### [Problem to solve]
For this exercise, restate every line below word for word and drop the images.

[Stored entries]
◇ ◇ ◇ ◇ ◇ ◇ ◇
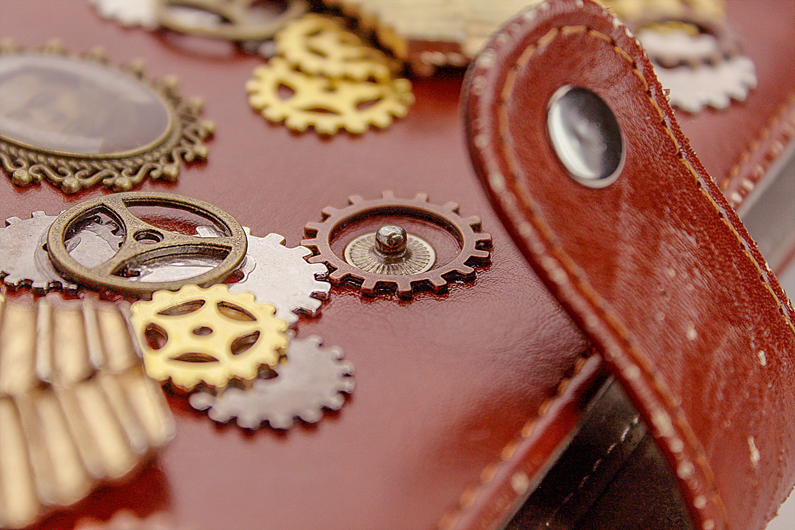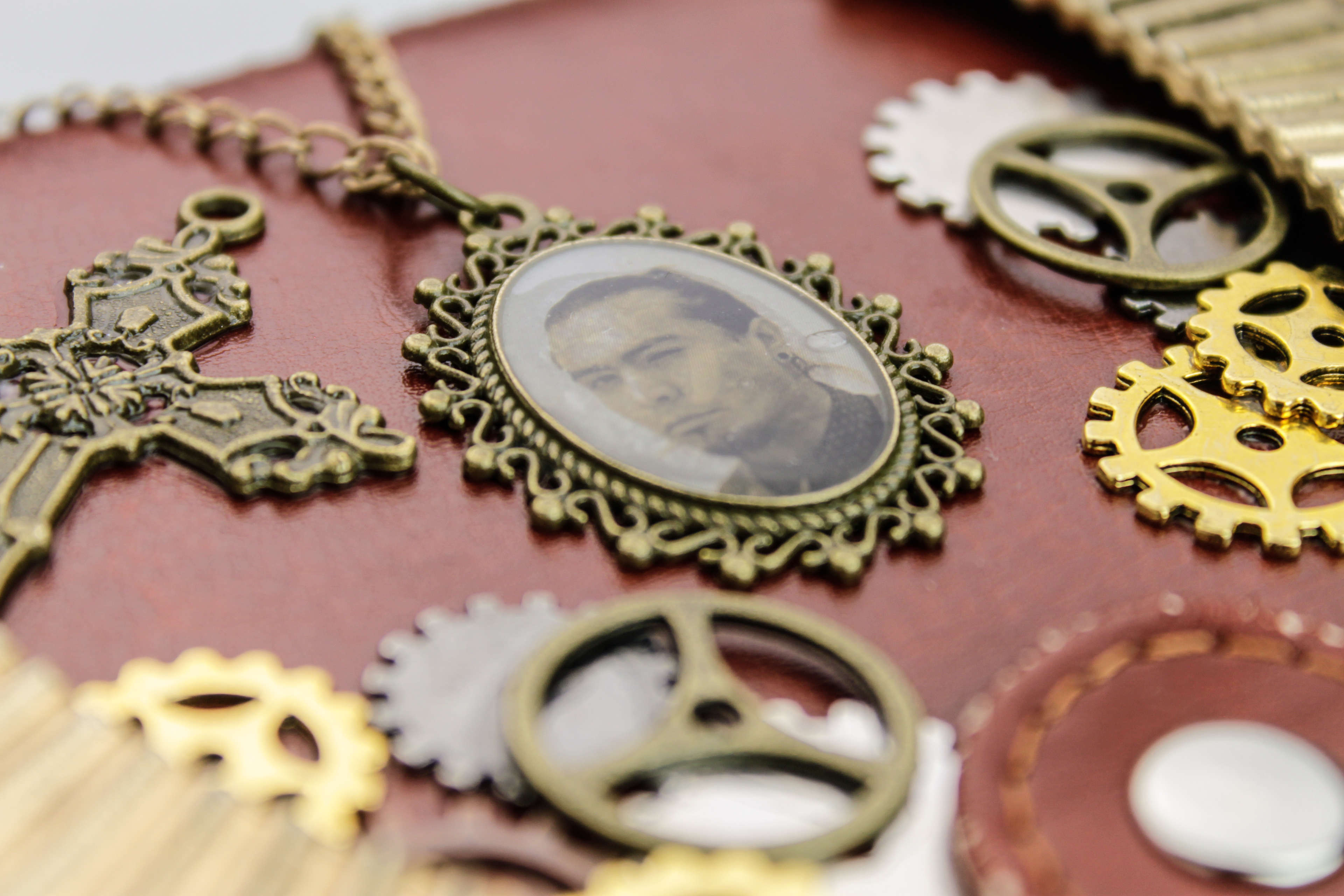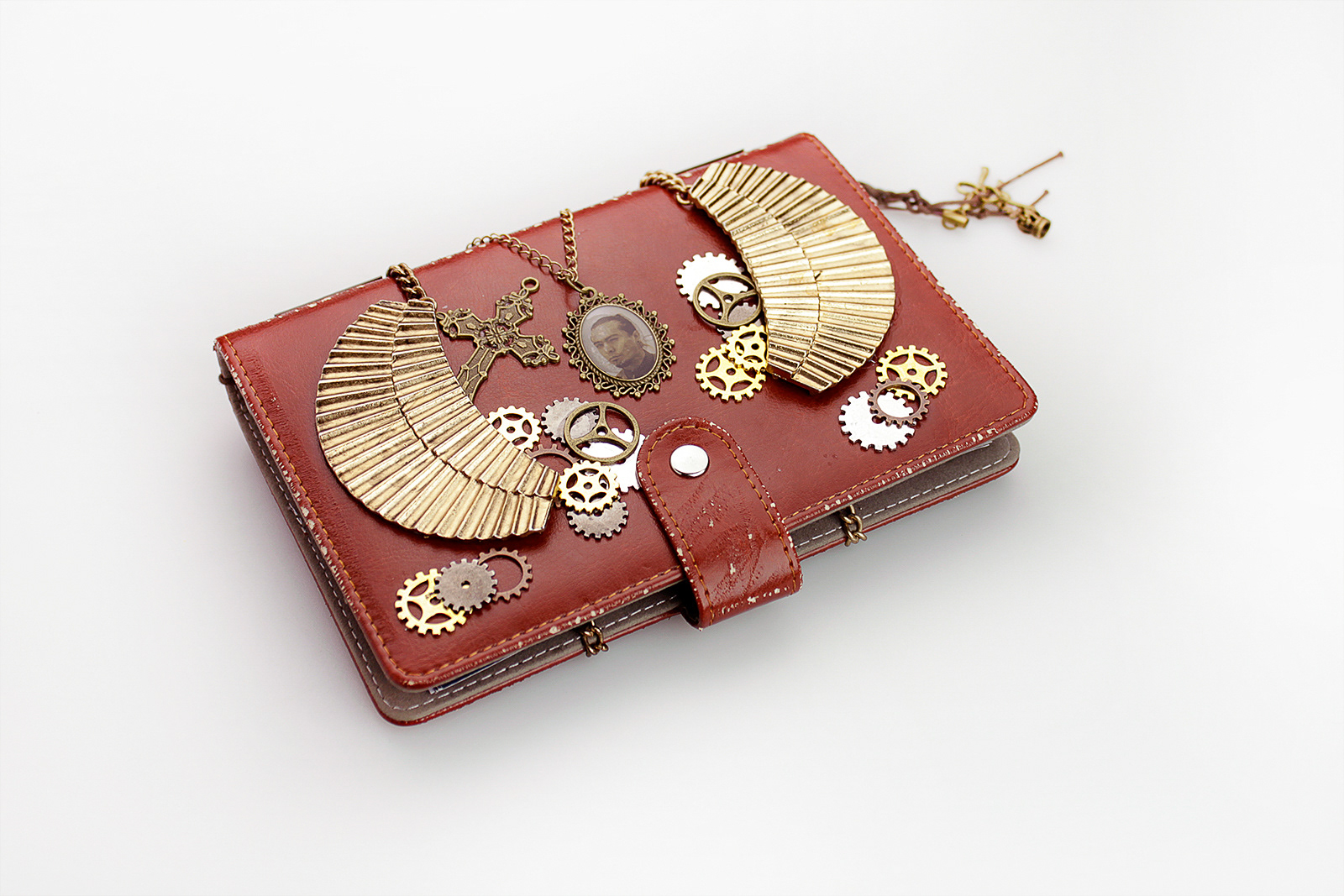 All the photos are my own as well as all the retouch, montage, book steampunk decoration, illustrations, etc. This project that took a lot of work to get it finish in two months. I wish I had a bigger budget for it to be able to use a different book and different decorations or even a better paper with some finishes, but as a student I needed to be resourceful and work with what I got. I was just thinking I was designing for the most stingy person in the world.
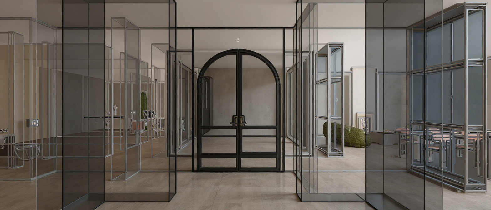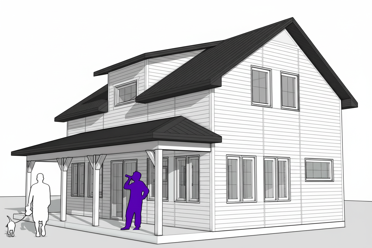 white building white window frames sunset light intense green garden around lawn around the house delicate light from exterior
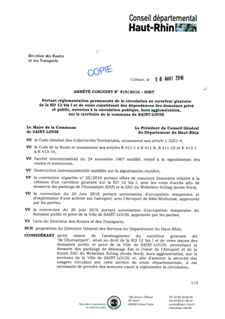 portant réglementation permanente de la circulation au carrefour giratoire de la RD 12 bis I et de voies constituant des dépendances des domaines privé et public, ouvertes à la circulation publique, hors agglomération, sur le territoire de la commune de S
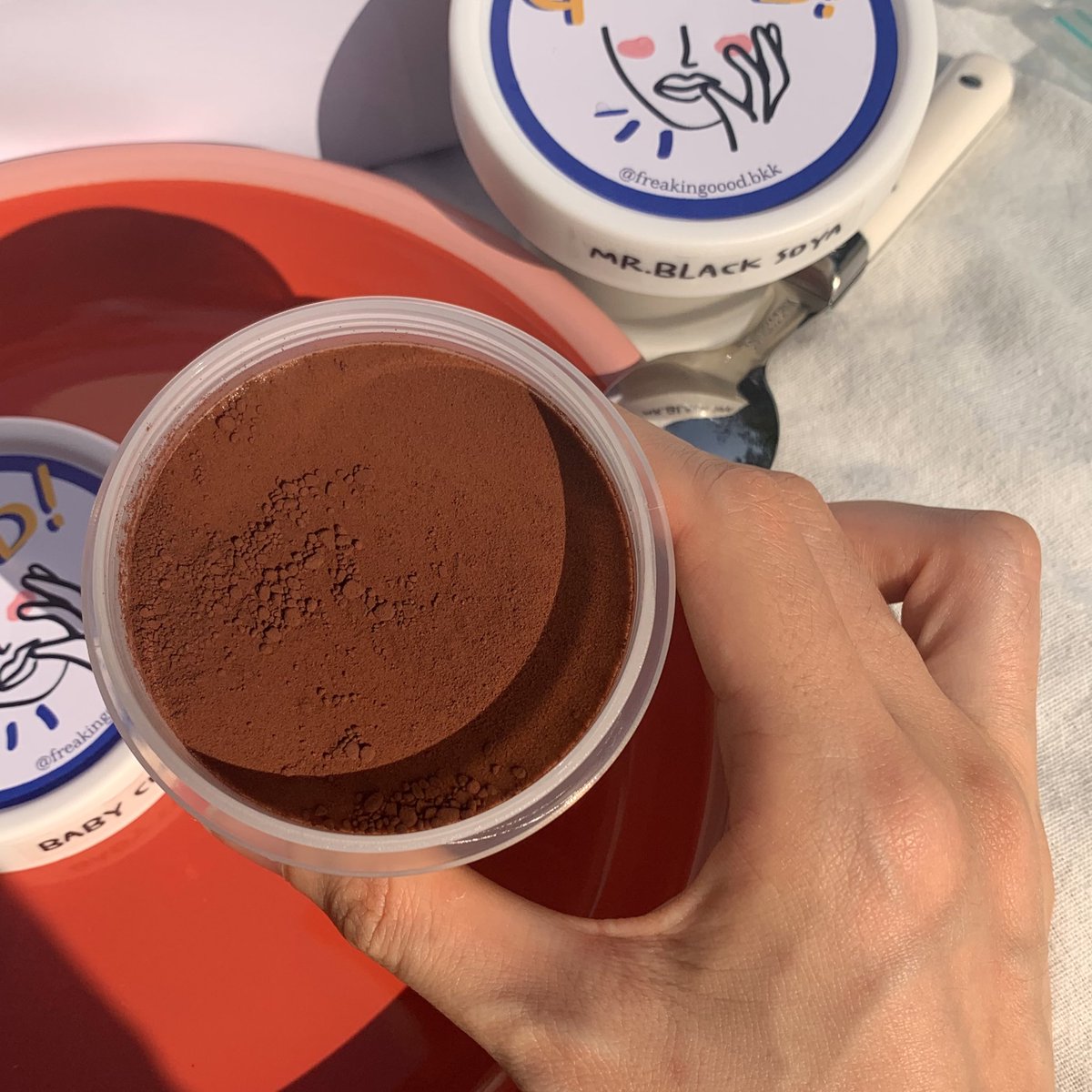 พุดดิ้ง chocolate 🍫🍮✨ อันนี้โคตรอร่อย เนื้อเนียนรสชาติกลมกล่อมไม่หวาน กินพร้อมกับผง cocoa ขมนิดๆดีเว่อร์ แล้วคือน้องเป็นพุดดิ้งน้ำเต้าหู้!! เหมาะมากสำหรับคนที่แพ้นมวัว บอกเลยว่าต้องสั่ง!! เราลองของร้าน @freakingoood มาทุกตัวแล้ว baby choco กับ soya love me คืออร่อยที่สุด
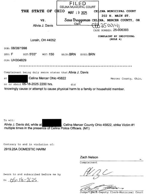 (5-19-25) On Saturday night, just after 10 pm, the Celina Police arrested former Celina resident Alivia Davis (26) of Lorain, Ohio on a 1st degree misdemeanor charge of domestic violence.
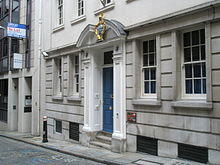 The livery company's hall is situated between Huggin Hill and Little Trinity Lane, in the ward of Queenhithe.
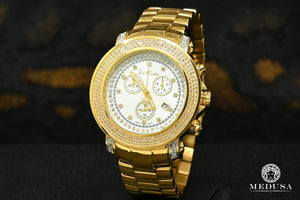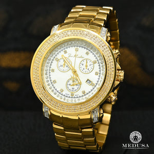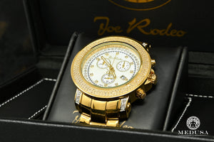 Cette montre Joe Rodeo est décorée avec des diamants véritables de haute qualité et est livrée avec un mouvement chronographe SWISS entièrement fonctionnel, un boîtier en acier inoxydable et un dos en acier inoxydable numéroté et gravé individuellement. Étanche jusqu'à 100m (330ft). Cette montre en diamant est garantie à 100% tout neuf et authentique et sera livrée dans un emballage de fabrication original avec deux bandes supplémentaires et tous les documents originaux.
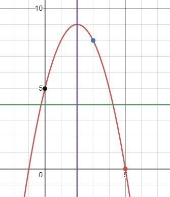 b=4Detta ger att f(x)=-x2+4x+5 (här är det inte fel att rita grafen, så du kan markera max, symmetrilinje etc)
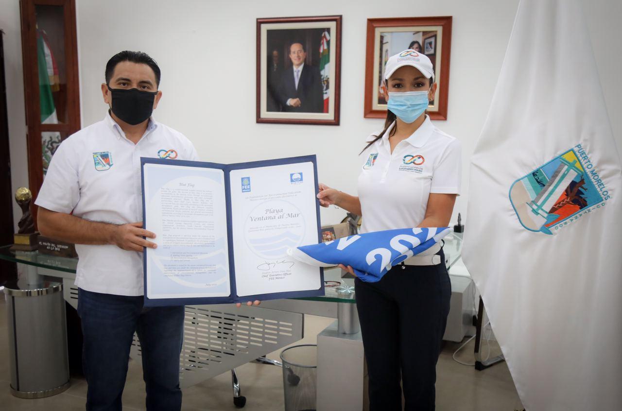 Puerto Morelos, Quintana Roo, 24 de agosto de 2020.- La presidenta municipal Laura Fernández Piña recibió el certificado y el estandarte “Blue Flag”, que por segundo año consecutivo ondeará en la Ventana al Mar y que reafirma el compromiso de Puerto Morelos de proteger el medio ambiente, al basar su desarrollo y crecimiento en apego a lineamientos de sostenibilidad.
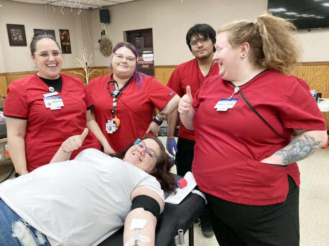 PHOTO PROVIDED Larissa Furl, one of many who donated at the blood drive, is surrounded by the Red Cross team, Katlyn Stasko, Maria Riccitelli, Jesse Guerrero and Ariel Rivera.
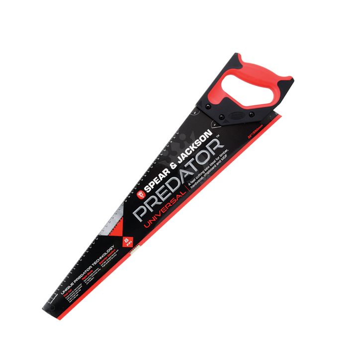 DECRIPTION: Hardpoint Saw Universal 550mm Blade Size 22" 550mm. FEATURES: Fast and Precise Cut with Push Pull Action both Along and Across the Grain. Rigid 0.91mm Blade Minimises Whip and Vibration. Soft Feel Ergonomic Grip and Finger Guide for Accuracy. Ideal for use with Timber, Hardboard, Chipboard and MDF. Medium / 8 PPI
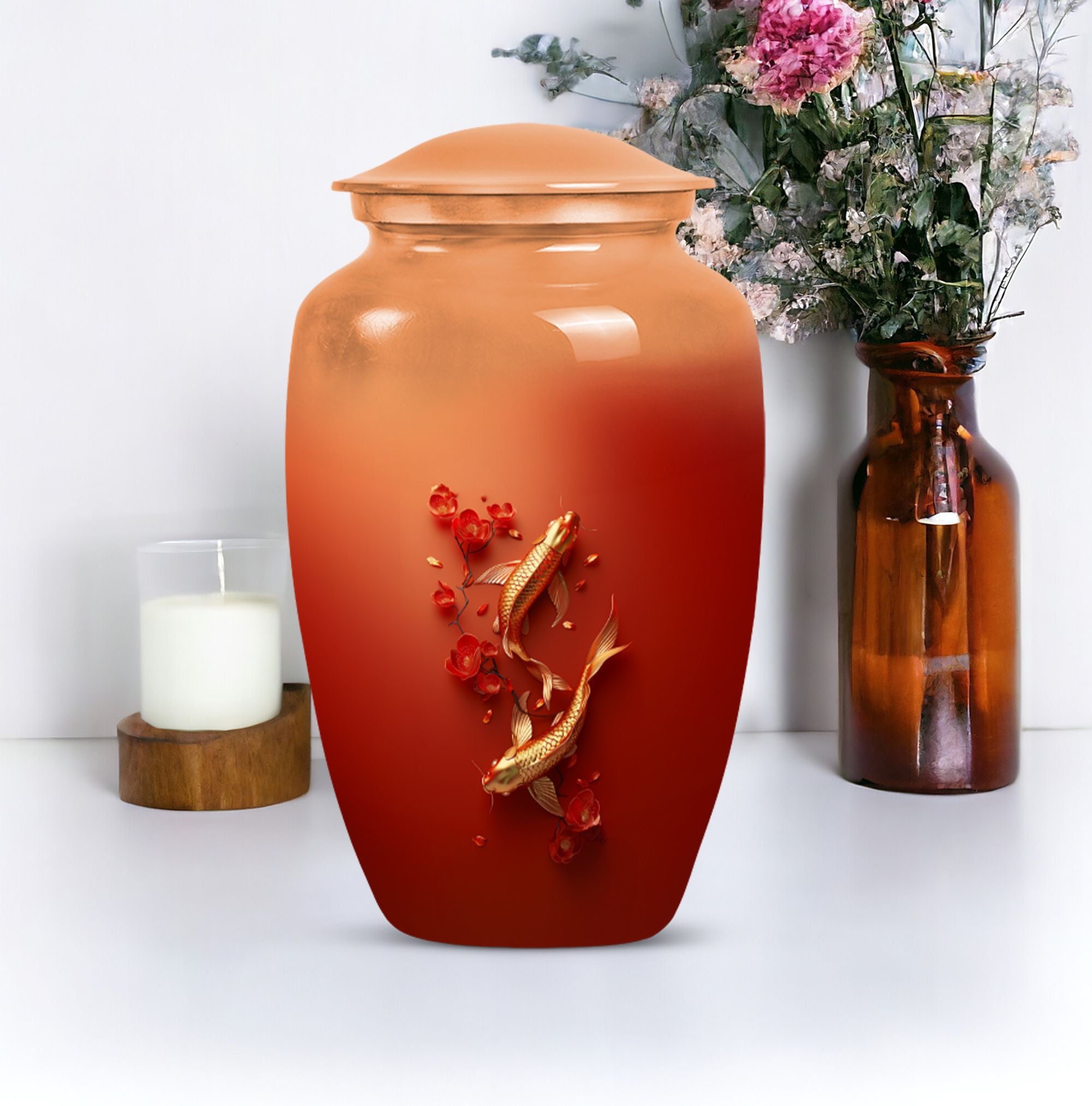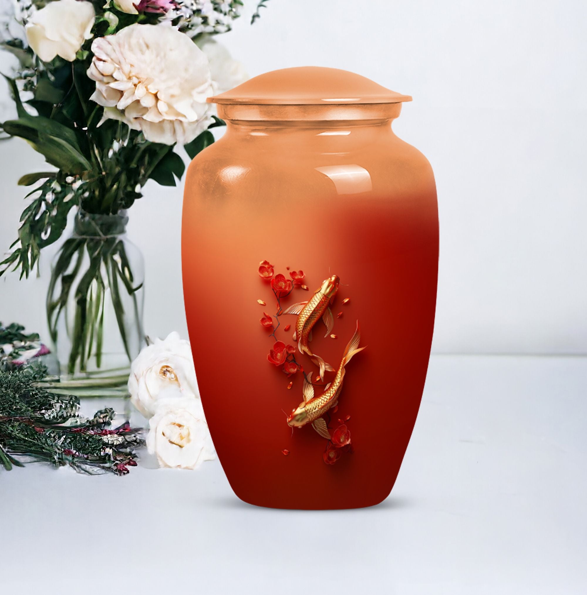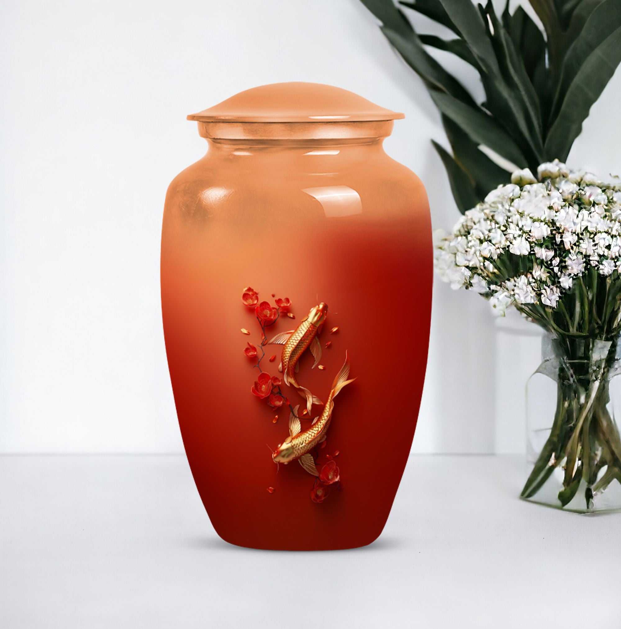Find solace in your loved one's memory with our 'Goldfish Urn', a token of eternal rest crafted from high-quality Aluminium. This Large Urn, standing at a stature of 10 inches, is designed to cater to adults and senior citizens, providing 200 cubic inches of containment capacity for the ashes. With a weight of 3.3 pounds, this memorial urn for ashes offers a substantial feel, signifying the substance of the memories it embodies. To enhance this urn's significance, you have the opportunity to personalize it with engraved names, giving it an intimate touch that hails from your heart. Accompanying the Urn is a velvet pouch, ensuring a dignified containment of your loved one's ashes. This urn features a Butterfly theme, symbolizing the timelessness of the soul's journey. Remember, it's not just an urn; it's a tribute to life lived and a beacon for the soul's lasting peace. Steer away from traditional funeral urns with this unique memorial piece. Please note: Design is CLASSIC URN.
◇ ◇ ◇ ◇ ◇ ◇ ◇
### [Expected answer]
 All the photos are my own as well as all the retouch, montage, book steampunk decoration, illustrations, etc. This project that took a lot of work to get it finish in two months. I wish I had a bigger budget for it to be able to use a different book and different decorations or even a better paper with some finishes, but as a student I needed to be resourceful and work with what I got. I was just thinking I was designing for the most stingy person in the world.
 white building white window frames sunset light intense green garden around lawn around the house delicate light from exterior
 portant réglementation permanente de la circulation au carrefour giratoire de la RD 12 bis I et de voies constituant des dépendances des domaines privé et public, ouvertes à la circulation publique, hors agglomération, sur le territoire de la commune de S
 พุดดิ้ง chocolate 🍫🍮✨ อันนี้โคตรอร่อย เนื้อเนียนรสชาติกลมกล่อมไม่หวาน กินพร้อมกับผง cocoa ขมนิดๆดีเว่อร์ แล้วคือน้องเป็นพุดดิ้งน้ำเต้าหู้!! เหมาะมากสำหรับคนที่แพ้นมวัว บอกเลยว่าต้องสั่ง!! เราลองของร้าน @freakingoood มาทุกตัวแล้ว baby choco กับ soya love me คืออร่อยที่สุด
 (5-19-25) On Saturday night, just after 10 pm, the Celina Police arrested former Celina resident Alivia Davis (26) of Lorain, Ohio on a 1st degree misdemeanor charge of domestic violence.
 The livery company's hall is situated between Huggin Hill and Little Trinity Lane, in the ward of Queenhithe.
 Cette montre Joe Rodeo est décorée avec des diamants véritables de haute qualité et est livrée avec un mouvement chronographe SWISS entièrement fonctionnel, un boîtier en acier inoxydable et un dos en acier inoxydable numéroté et gravé individuellement. Étanche jusqu'à 100m (330ft). Cette montre en diamant est garantie à 100% tout neuf et authentique et sera livrée dans un emballage de fabrication original avec deux bandes supplémentaires et tous les documents originaux.
 b=4Detta ger att f(x)=-x2+4x+5 (här är det inte fel att rita grafen, så du kan markera max, symmetrilinje etc)
 Puerto Morelos, Quintana Roo, 24 de agosto de 2020.- La presidenta municipal Laura Fernández Piña recibió el certificado y el estandarte “Blue Flag”, que por segundo año consecutivo ondeará en la Ventana al Mar y que reafirma el compromiso de Puerto Morelos de proteger el medio ambiente, al basar su desarrollo y crecimiento en apego a lineamientos de sostenibilidad.
 PHOTO PROVIDED Larissa Furl, one of many who donated at the blood drive, is surrounded by the Red Cross team, Katlyn Stasko, Maria Riccitelli, Jesse Guerrero and Ariel Rivera.
 DECRIPTION: Hardpoint Saw Universal 550mm Blade Size 22" 550mm. FEATURES: Fast and Precise Cut with Push Pull Action both Along and Across the Grain. Rigid 0.91mm Blade Minimises Whip and Vibration. Soft Feel Ergonomic Grip and Finger Guide for Accuracy. Ideal for use with Timber, Hardboard, Chipboard and MDF. Medium / 8 PPI
Find solace in your loved one's memory with our 'Goldfish Urn', a token of eternal rest crafted from high-quality Aluminium. This Large Urn, standing at a stature of 10 inches, is designed to cater to adults and senior citizens, providing 200 cubic inches of containment capacity for the ashes. With a weight of 3.3 pounds, this memorial urn for ashes offers a substantial feel, signifying the substance of the memories it embodies. To enhance this urn's significance, you have the opportunity to personalize it with engraved names, giving it an intimate touch that hails from your heart. Accompanying the Urn is a velvet pouch, ensuring a dignified containment of your loved one's ashes. This urn features a Butterfly theme, symbolizing the timelessness of the soul's journey. Remember, it's not just an urn; it's a tribute to life lived and a beacon for the soul's lasting peace. Steer away from traditional funeral urns with this unique memorial piece. Please note: Design is CLASSIC URN.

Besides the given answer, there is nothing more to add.